Éric Fournier

Visiting Research Scholar 2024-25

Dr. Éric Fournier (born and raised in Québec, Canada) has a BA (History and Classics) and MA (Ancient History) from the Université de Montréal, and completed his doctoral studies on ancient and late antique history in 2008, at the University of California – Santa Barbara. He has since been teaching ancient and medieval history at West Chester University of Pennsylvania, where he holds the rank of Professor of History.

His research focuses on North Africa in the late antique period, particularly the Vandal era, Victor of Vita (the most important contemporary narrative source on the Vandals), and power struggles between bishops and civic government. This led him to analyze the role of exile in the treatment of bishops by late antique rulers, from Constantine to the Vandals and beyond, and to compare the measures these rulers used against bishops with the discourse of persecution that victims of these measures deployed to attack these same rulers’ legitimacy. One result of these efforts was a collection of essays, Heirs of Roman Persecution (Routledge, 2020), that he co-edited with Wendy Mayer. He is currently working on another collection of essays on women and gender in the post-Roman kingdoms of the Western Mediterranean, which he is co-editing with Maijastina Kahlos. And starting another co-edited venture with Susan Stevens, the Brill Companion to North Africa during the Vandal Century.

During his stay at ISAW, he will be working on a monograph that studies the intertextual allusions to martyrological literature in the North African Christian texts of the post-Constantinian period, when persecutions had supposedly ended. He analyzes these allusions through the lenses of cultural trauma and cultural memory theories, as well as through purity and pollution discourse. The monograph, tentatively titled Us and Them: Purity, Pollution, Trauma, and Cultural Memory of the Martyrs in Christian North Africa (2nd to 6th centuries), will provide new perspectives on the various intra-Christian conflicts that dominated the period.

Key Publications:

“‘Words as Weapons, Sharper Than Knives’. Intertextuality in Vandal Martyrological Literature: From the Maccabees, to Cyprian, to the Passion of the Seven Monks.” In The Vandal Renaissance. Latin Literature in Post-Roman Africa (435-534CE), ed. Michael Hanaghan et al. Leiden–Boston: Brill, forthcoming.

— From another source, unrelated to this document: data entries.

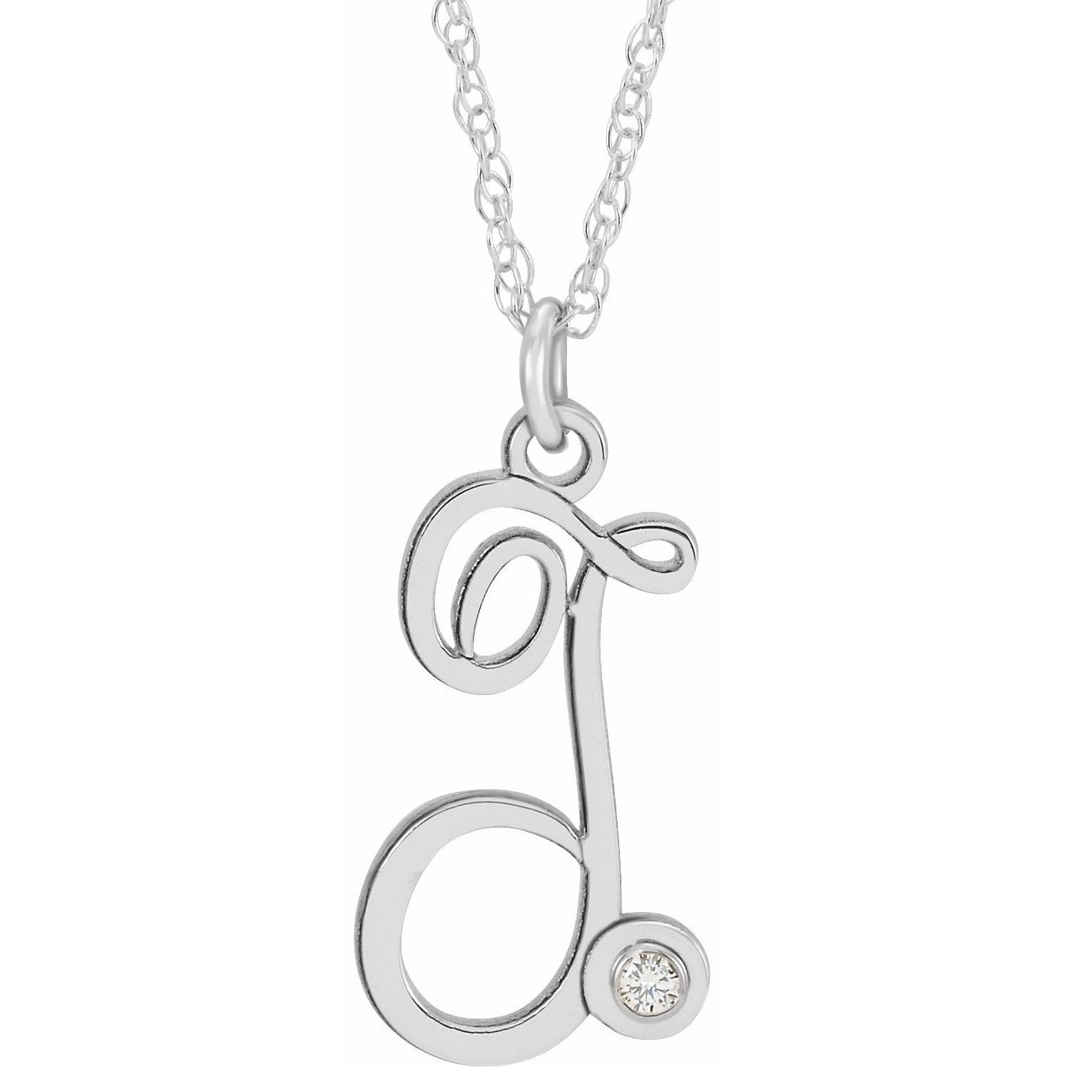 653575 / 14K White / T / 16-18 In / Polished / .02 Ct Diamond Accented Script Initial Necklace
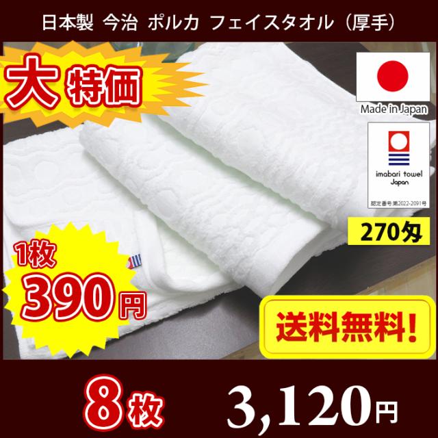 【送料無料】大特価!8枚セット 日本製 今治 270匁 ポルカ フェイスタオル 厚手 ホテル仕様 / 今治タオル フェイス まとめ買い ふっくら もっちり ホテルスタイル
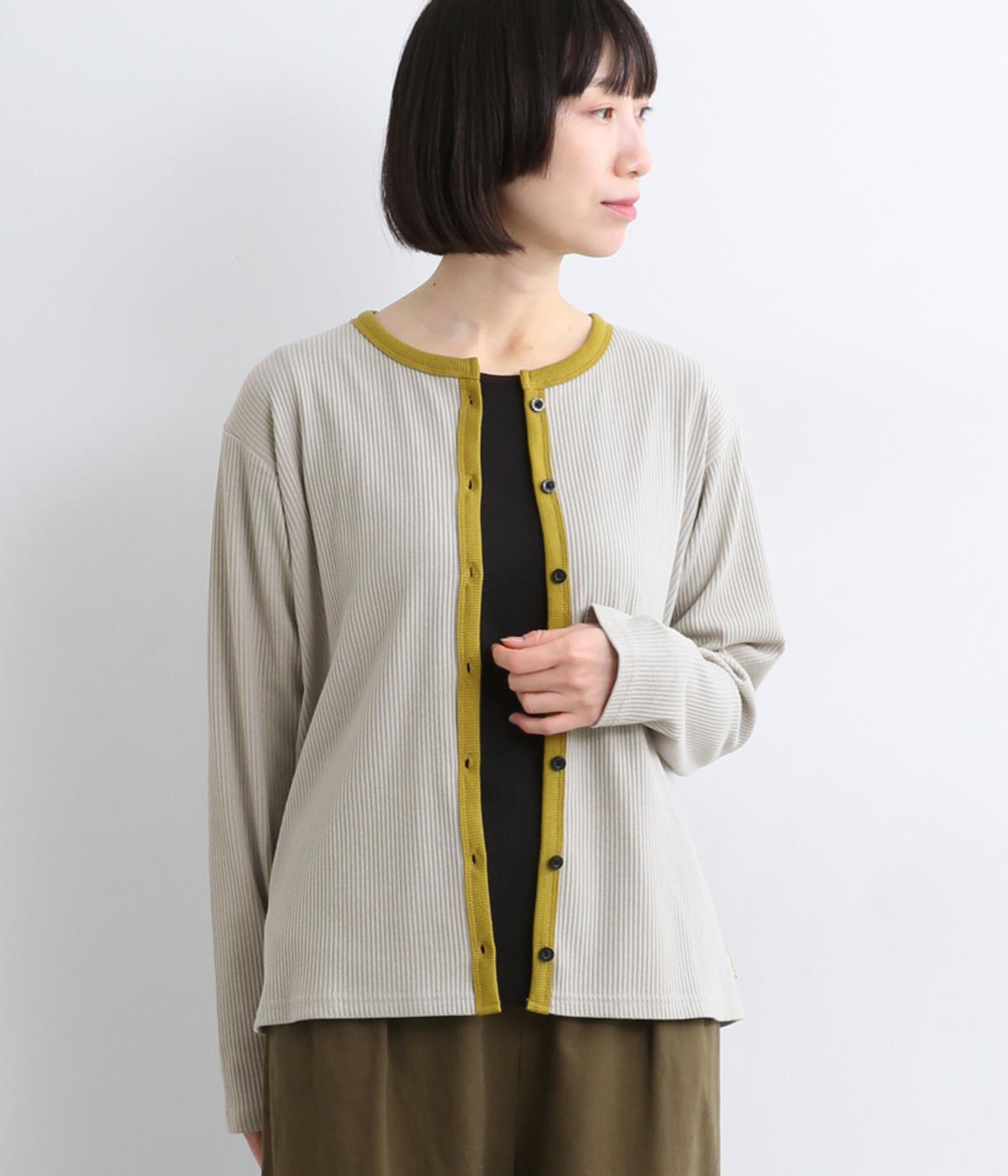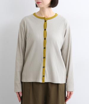 シンプルさのなかに配色デザインが映える、リブ編みで仕立てたカーディガンです。やわらかくフィットするラインで、もたつかずにレイヤードしやすいのもうれしいポイント。インナーとしてもアウターとしても使いやすいので、ワードローブに一枚あると便利なアイテムです。
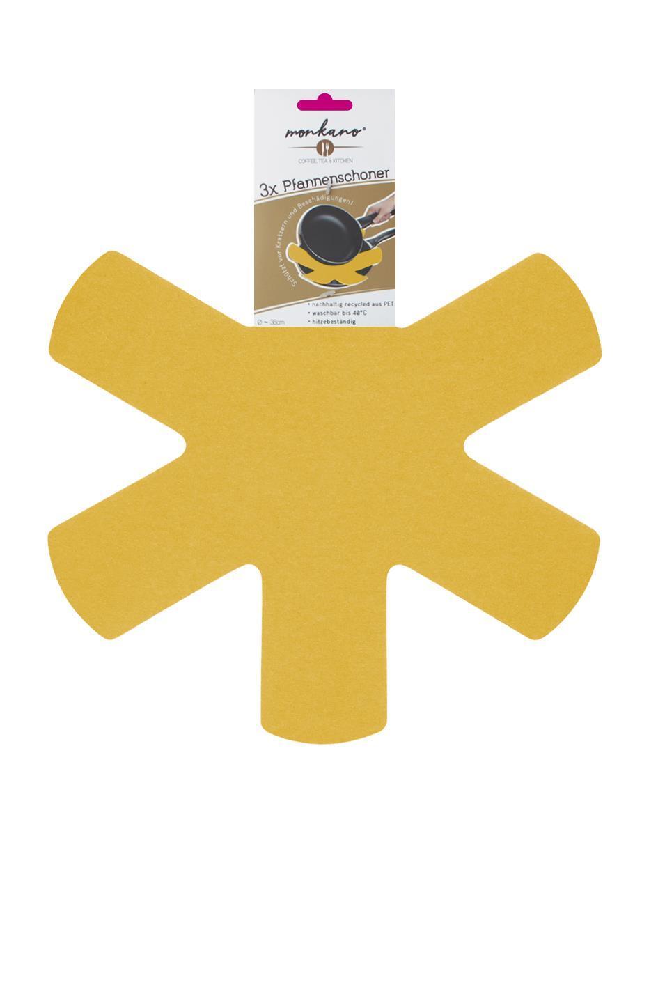 3-teiliges Pfannenschonerset in gelb, Durchmesser 38 cm, aus recycletem PE-Material, waschbar bei 40°C, hitzebeständig bis 200°C, Rückseite Anti-Rutsch, auch als Untersetzer verwendbarAttribute
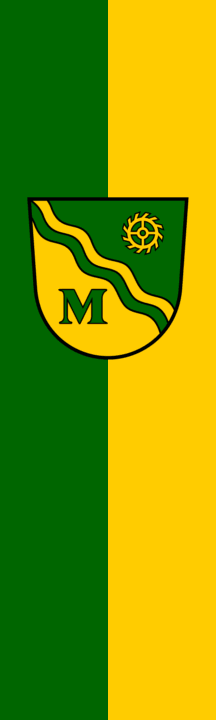 | Description of arms (German): | Von Grün und Gold durch einen schrägrechten Wellenbalken in verwechselten Farben gespalten, oben begleitet von einem goldenen Mühlrad, unten von einem grünen M. [1] |
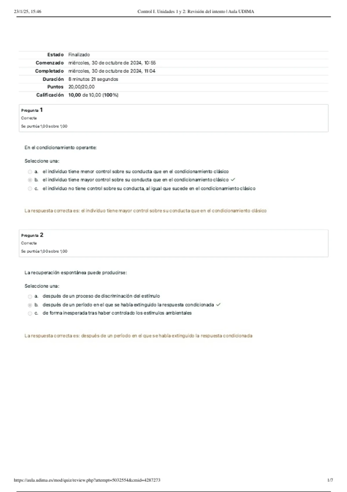 Se incluyen todos los controles resueltos de la asignatura Psicología del Aprendizaje de UDIMA con calificación de sobresaliente.
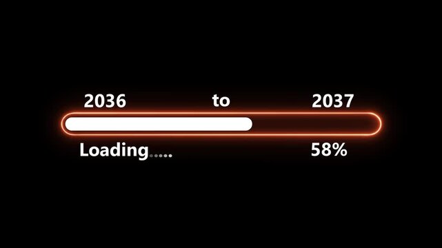 Neon loading bar transitioning from year 2036 to 2037 on black background progress bar progress
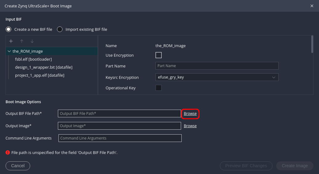 Click "Boot Image Options: Output BIF File Path: Browse" and select the directory where you want to save the Boot Image.

“Eternal Persecutions: Cultural Memory, Trauma and Martyrs in Vandal North Africa.” In The Making of Saints in Late Antique North Africa, ed. Sabine Panzram and Nathalie Klinck, 305-35. “Beiträge zur Hagiographie.” Stuttgart: Franz Steiner Verlag, forthcoming.

“Anticipating Disasters: Forbearance and the Limits of Religious Coercion in Late Roman North Africa.” Studies in Late Antiquity [special issue: Bishops, Barbarians, and Responses to Crisis, ed. Samuel Cohen] 8.1 (2024): 65-99.